Task goal: In the entries below, find the line with "Bidprentje Geertruida Wilhelmina Wolffers" and transcribe it and every line after it exactly, through the last line, without pictures.

Excerpted records:
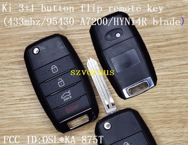 Ki 3+1 button flip remote key (433mhz/95430-A7200/HYN14R blade) FCC ID:OSL*KA-875T
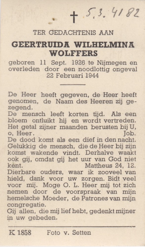 Bidprentje Geertruida Wilhelmina Wolffers
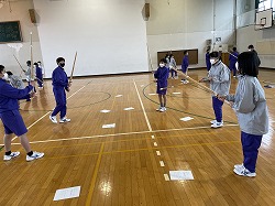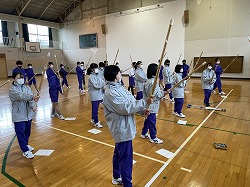 生徒たちは、竹刀を持ち構え、素振りをする練習を行っていました。
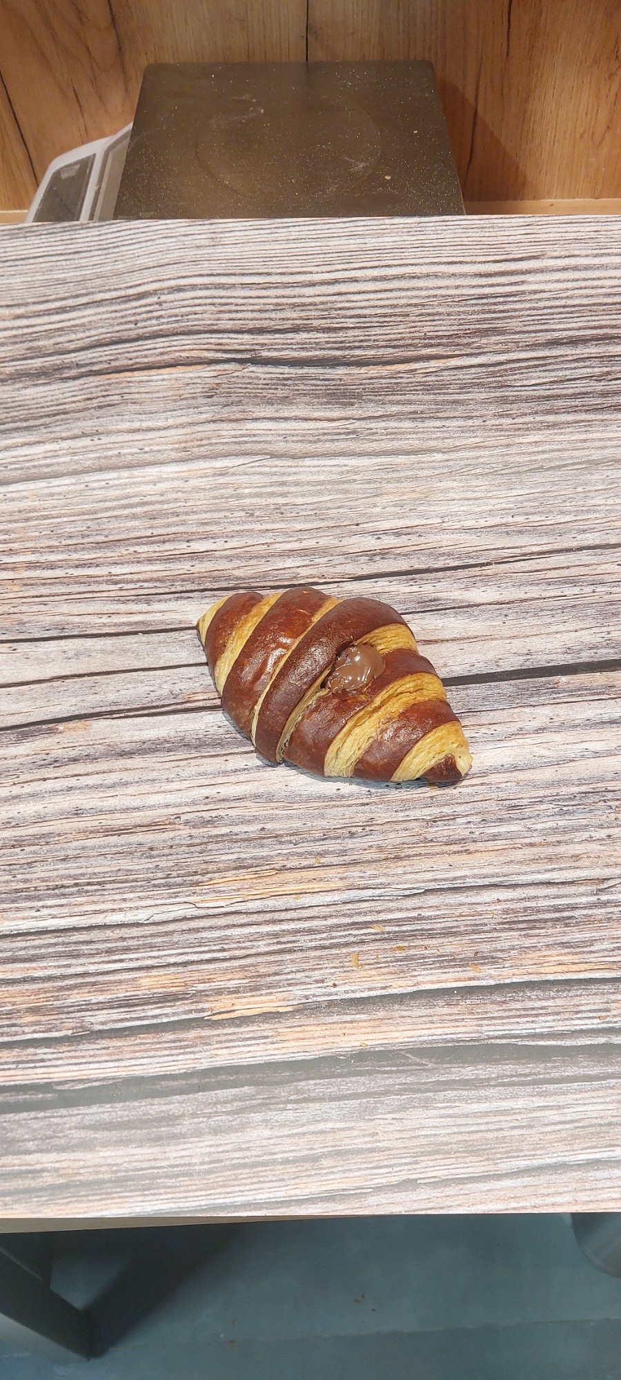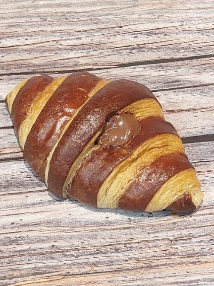 Unser feines Buttercroissant mit Kakaoschicht im Teig und mit reichlich echter Nutella gefüllt.
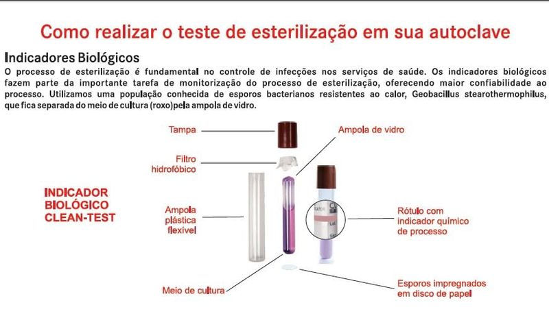 Os indicadores biológicos (IB) CLEAN-TEST são utilizados para monitorar ciclos de esterilização a vapor. Cada I.B. CLEAN-TEST possui um disco de papel inoculado com esporos com uma população mínima de 105 ou 106 de esporos bacterianos de Geobacillus stearothermophilus ATCC 7953. Esse disco é acomodado em um frasco termoplástico que servirá como frasco de cultura. O frasco também contém uma ampola de vidro quebrável contendo meio de cultura caseína de soja. A produção de ácido associada ao crescimento de esporos causa mudança de cor do meio de cultura de roxo para amarelo, facilitando a detecção do crescimento.
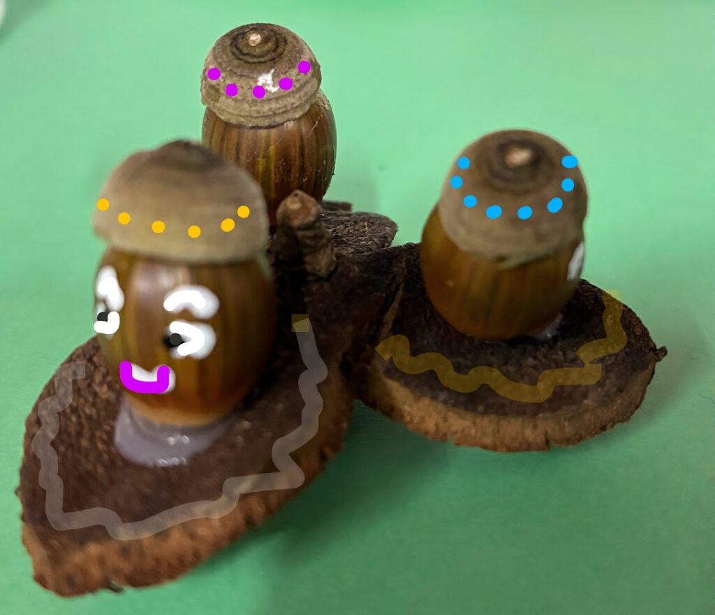 ・どんぐりだけでなく、いろいろな木の実や落ち葉、お芋などを組み合わせて楽しい動物を作りましょう。
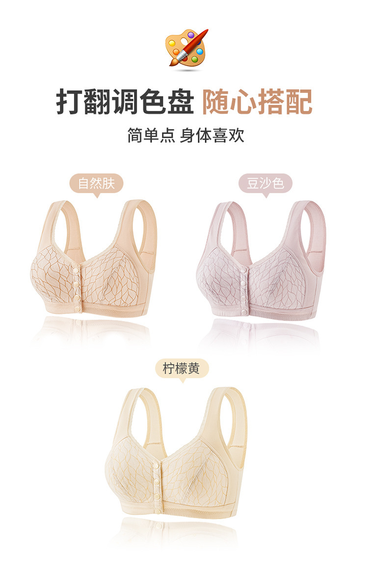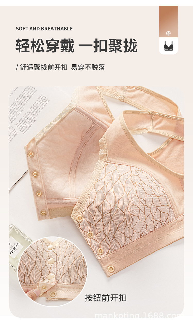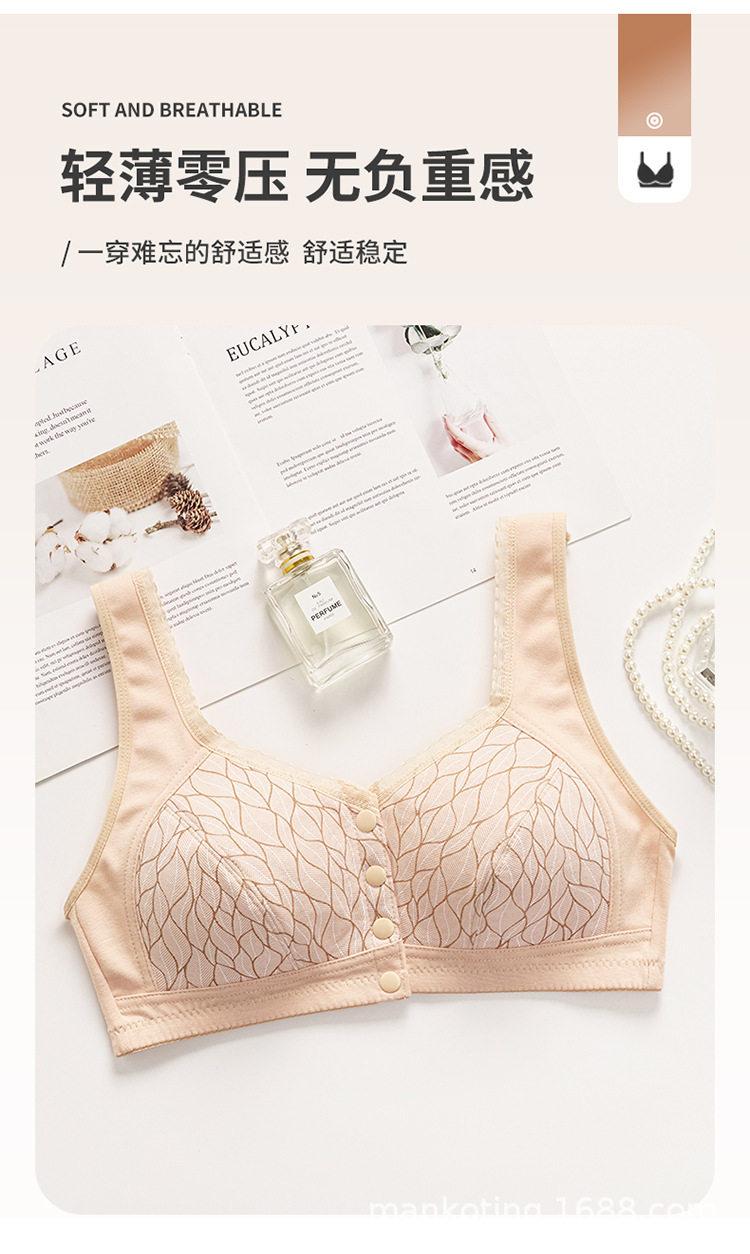 夏季透气孔中老年文胸妈妈胸罩薄款无钢圈舒适大胸内衣前扣背心
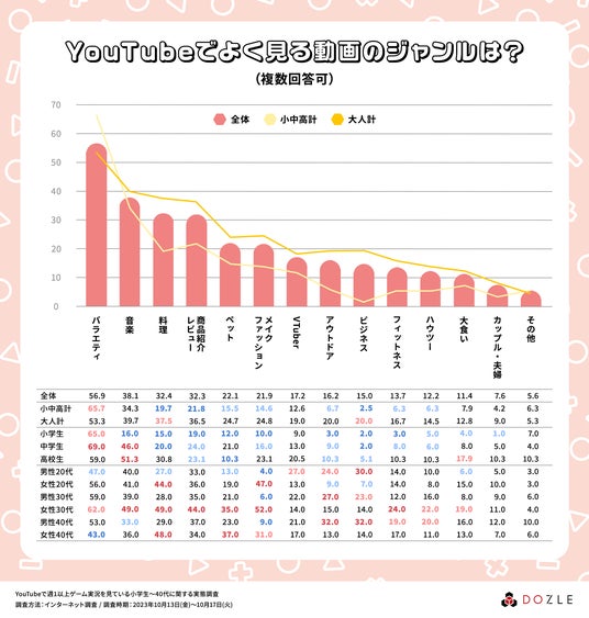 大人計では「バラエティ系」が5割強で、「音楽系」「料理系」「商品紹介・レビュー系」が4割弱と並び、幅広いジャンルを視聴する結果に。
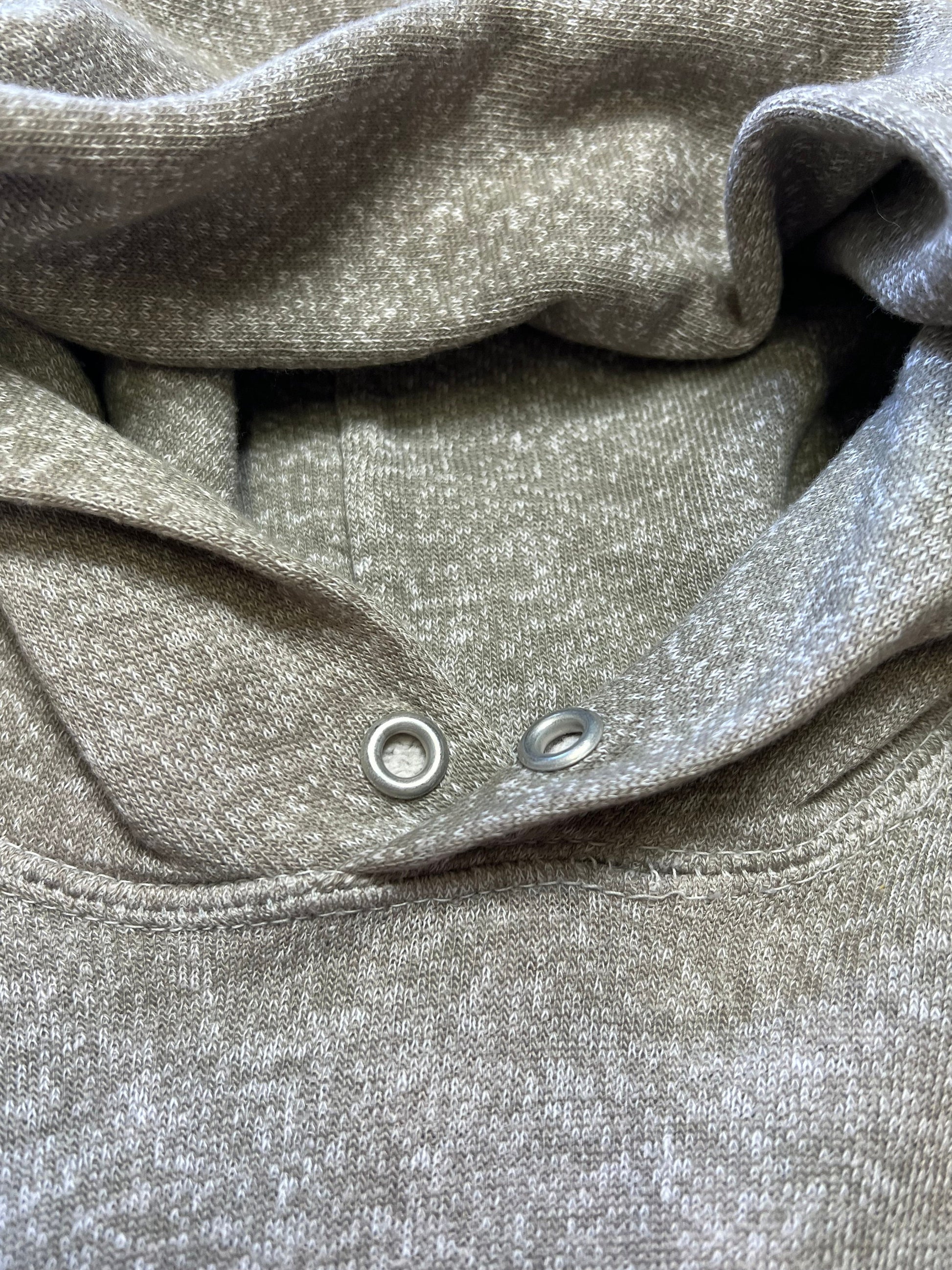 This hoodie is soooo soft and thin and beautifully broken in. Really nice brownish/grayish color and super cozy. Small separation at seam of front pouch pocket and no drawstring. Measures 21” pit to pit and 22” top to bottom.
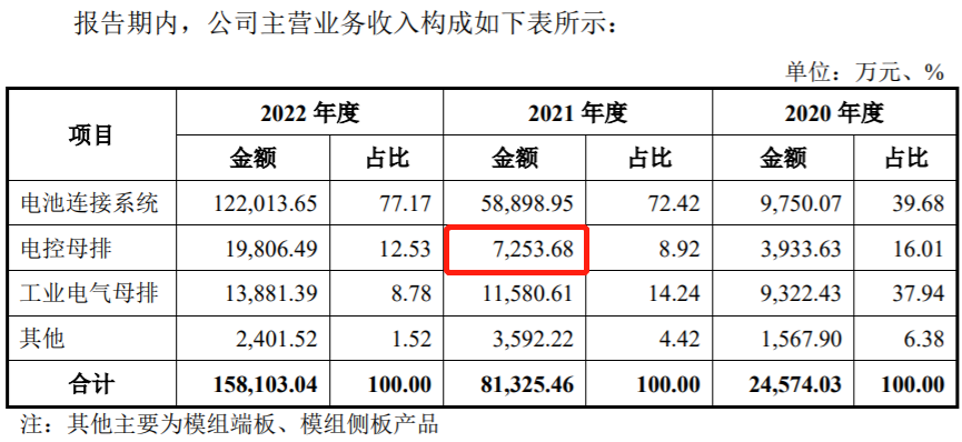 但与此同时招股书披露2021年销售电控母排总金额仅为7253.68万元,尚不及详细客户销售数据中,对比亚迪、法拉电子两家客户销售的电控母排金额高;更不用提在《审核问询函的回复》第4页披露,公司在2021年销售的电控母排总金额更是仅为6053.78万元,与招股书披露数据相差更大。
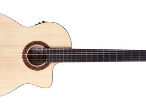 - Mặt trước được làm bằng gỗ Solid Sitka Spruce cao cấp, mặt sau và hai bên Solid Pau Ferro vững chắc.

Solution to this task:
 Bidprentje Geertruida Wilhelmina Wolffers
 生徒たちは、竹刀を持ち構え、素振りをする練習を行っていました。
 Unser feines Buttercroissant mit Kakaoschicht im Teig und mit reichlich echter Nutella gefüllt.
 Os indicadores biológicos (IB) CLEAN-TEST são utilizados para monitorar ciclos de esterilização a vapor. Cada I.B. CLEAN-TEST possui um disco de papel inoculado com esporos com uma população mínima de 105 ou 106 de esporos bacterianos de Geobacillus stearothermophilus ATCC 7953. Esse disco é acomodado em um frasco termoplástico que servirá como frasco de cultura. O frasco também contém uma ampola de vidro quebrável contendo meio de cultura caseína de soja. A produção de ácido associada ao crescimento de esporos causa mudança de cor do meio de cultura de roxo para amarelo, facilitando a detecção do crescimento.
 ・どんぐりだけでなく、いろいろな木の実や落ち葉、お芋などを組み合わせて楽しい動物を作りましょう。
 夏季透气孔中老年文胸妈妈胸罩薄款无钢圈舒适大胸内衣前扣背心
 大人計では「バラエティ系」が5割強で、「音楽系」「料理系」「商品紹介・レビュー系」が4割弱と並び、幅広いジャンルを視聴する結果に。
 This hoodie is soooo soft and thin and beautifully broken in. Really nice brownish/grayish color and super cozy. Small separation at seam of front pouch pocket and no drawstring. Measures 21” pit to pit and 22” top to bottom.
 但与此同时招股书披露2021年销售电控母排总金额仅为7253.68万元,尚不及详细客户销售数据中,对比亚迪、法拉电子两家客户销售的电控母排金额高;更不用提在《审核问询函的回复》第4页披露,公司在2021年销售的电控母排总金额更是仅为6053.78万元,与招股书披露数据相差更大。
 - Mặt trước được làm bằng gỗ Solid Sitka Spruce cao cấp, mặt sau và hai bên Solid Pau Ferro vững chắc.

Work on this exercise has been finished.